Петрус свернул одну из своих чудовищных самокруток, и я
заметил, что он, хоть и пытается выглядеть равнодушным, к рассказу
прислушивается внимательно.
– И тогда отец принцессы послал за ней ее брата, герцога
Гильермо, чтобы тот вернул ее домой. Но Фелиция отказалась с ним пойти. Герцог,
отчаявшись ее уговорить, пришел в ярость и заколол ее прямо в той церкви, что
видна отсюда. А церковку эту Фелиция построила собственноручно, чтобы было где
лечить бедняков и возносить молитвы Богу.
Когда герцог опомнился и понял, что совершил, он отправился
в Рим – покаяться Папе. И тот наложил на него епитимью – совершить
паломничество по тому же Пути Сантьяго. Вот тут и произошла интереснейшая вещь:
когда герцог уже возвращался, он, дойдя до здешних мест, вдруг испытал чувства,
весьма сходные с теми, что обуревали в свое время и его сестру. Так он и
остался жить здесь, в той самой церкви, что построила Фелиция, и заботился о
бедных до конца своих дней.
– Это закон воздаяния, – рассмеялся Петрус.
Старик его не понял, но я сообразил, о чем он говорит. Мы с
ним давно уже вели долгие теологические споры об отношениях между Богом и
человеком. Я настаивал, что в Традиции всегда имеется связь с Богом, хоть и
далеко не простая. И путь к Богу, по моему мнению, не имеет ничего общего с тем
паломничеством по Пути Сантьяго, которое мы сейчас совершаем, – с его
священниками-колдунами, цыганами-дьволятами и со святыми, совершающими чудеса.
Все это мне казалось примитивным и слишком тесно связанным с христианством. Мне
недоставало очарования, изящества и экстаза, свойственных ритуалам Традиции.
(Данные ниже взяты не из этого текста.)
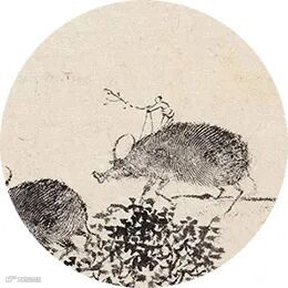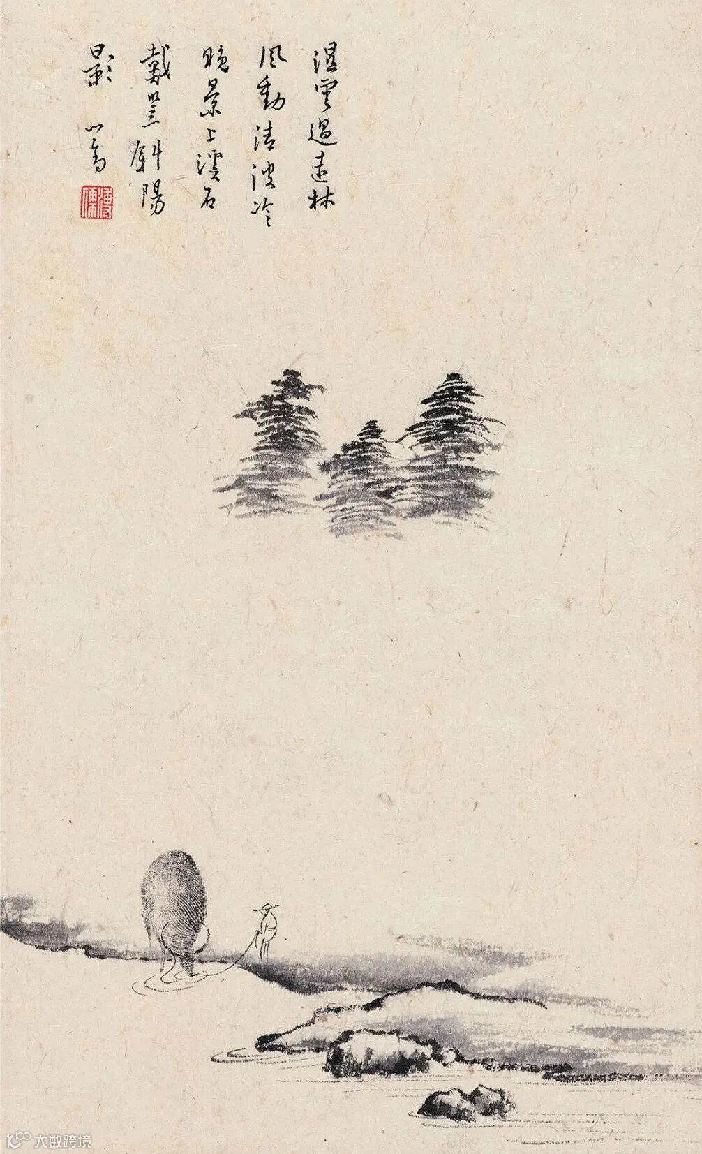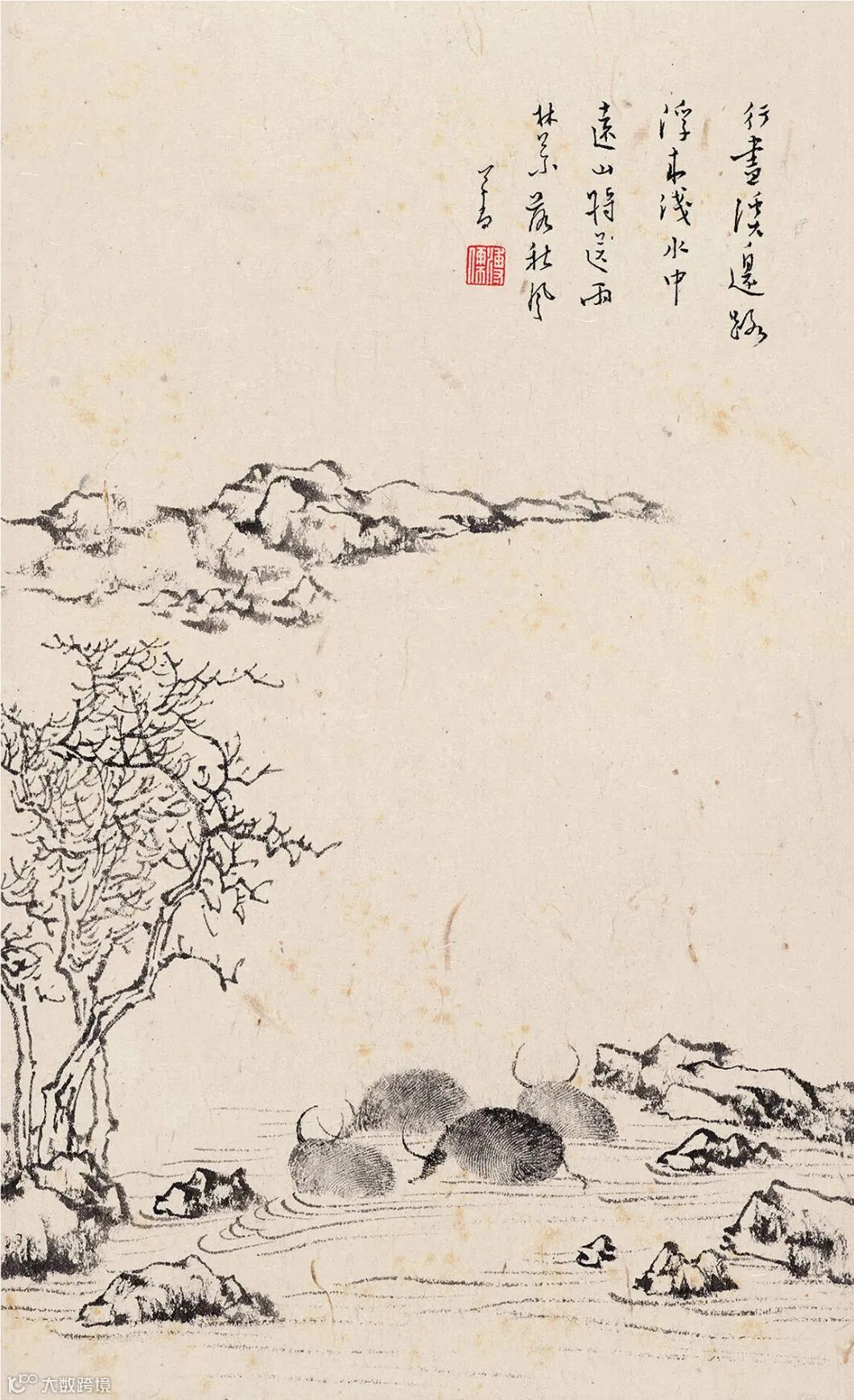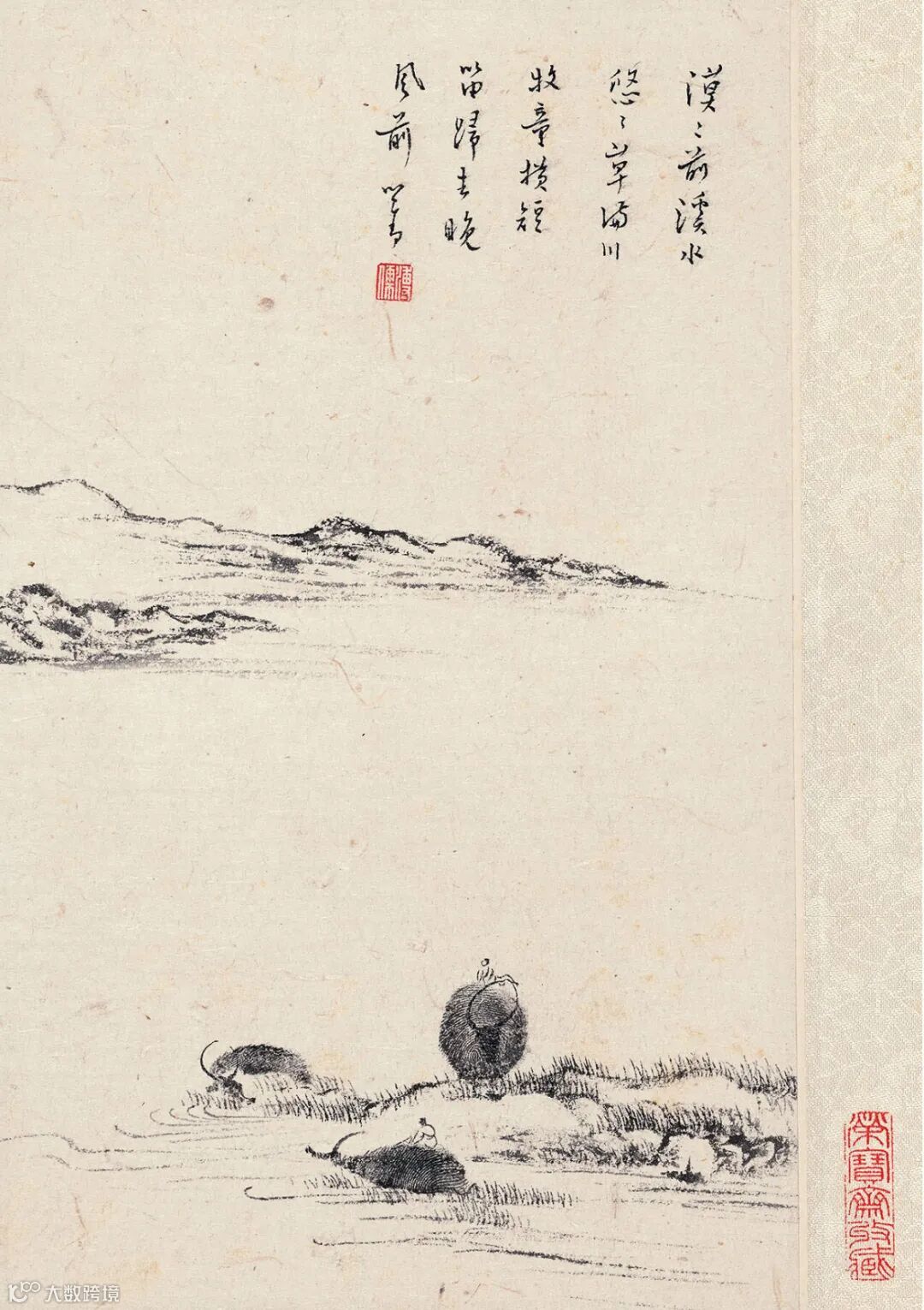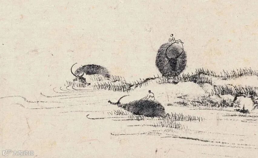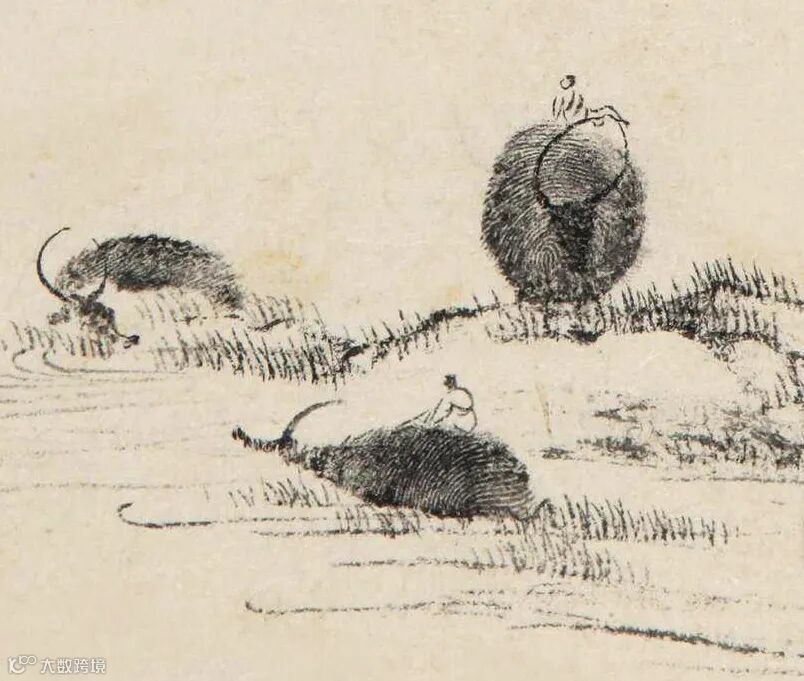 这套六开册页,皆绘牧童放牛,在浓淡、形状不同的指纹上,补绘四肢、头尾,栩栩如生的水牛形象便跃然纸端,或行或立、或站或卧、或在水、或立坡不一而足。而指腹之螺纹亦将水牛身体结构、皮毛、肌理展露无遗,惟妙惟肖,奇趣横生,非有高超想象力者不能为。

Петрус, со своей стороны, утверждал, что главным достоинством Пути Сантьяго
является его простота. Это Путь, по которому может пройти каждый, смысл его
понятен не изощренному в премудростях обычному человеку, а потому только такой
путь может привести к Богу.
– Вот ты веришь в Бога, и я тоже, – сказал в какой-то момент
Петрус. – Так что Бог существует для нас обоих. Но, если кто-то не верит в
него, это не означает, что Бог прекратил быть. Также это не значит, что
неверующий ошибается.
– Как же так? Разве это не будет означать, что существование
Бога зависит от желания и личной силы человека?
– У меня был когда-то друг, который пил не просыхая, но при
этом каждый вечер перед сном трижды читал «Аве Мария». Мать приучила его к
этому с детства. И даже когда он бывал пьян в стельку, он, хотя вовсе не верил
в Бога, обязательно перед сном читал эту молитву трижды. После того как он
умер, я присутствовал на одном ритуале Традиции и спросил там духа Древних, где
сейчас мой друг. Дух ответил, что с моим другом все прекрасно, он пребывает в
Свете. Получается, что, даже не имея веры, а только совершая ежедневно
молитвенный ритуал, он получил спасение.
Доисторический пещерный человек смог увидеть проявление Бога
в явлениях природы – грозах, бурях, землетрясениях. Обнаружив руку Божью в
природных явлениях, люди стали замечать его присутствие и в животных, а потом и
в рощах, которые почитали священными. Бывали и такие времена в древней истории,
когда Бога можно было отыскать лишь в катакомбах. Однако даже тогда Бог,
принявший обличье Любви, не переставал заполнять собой сердца человеческие.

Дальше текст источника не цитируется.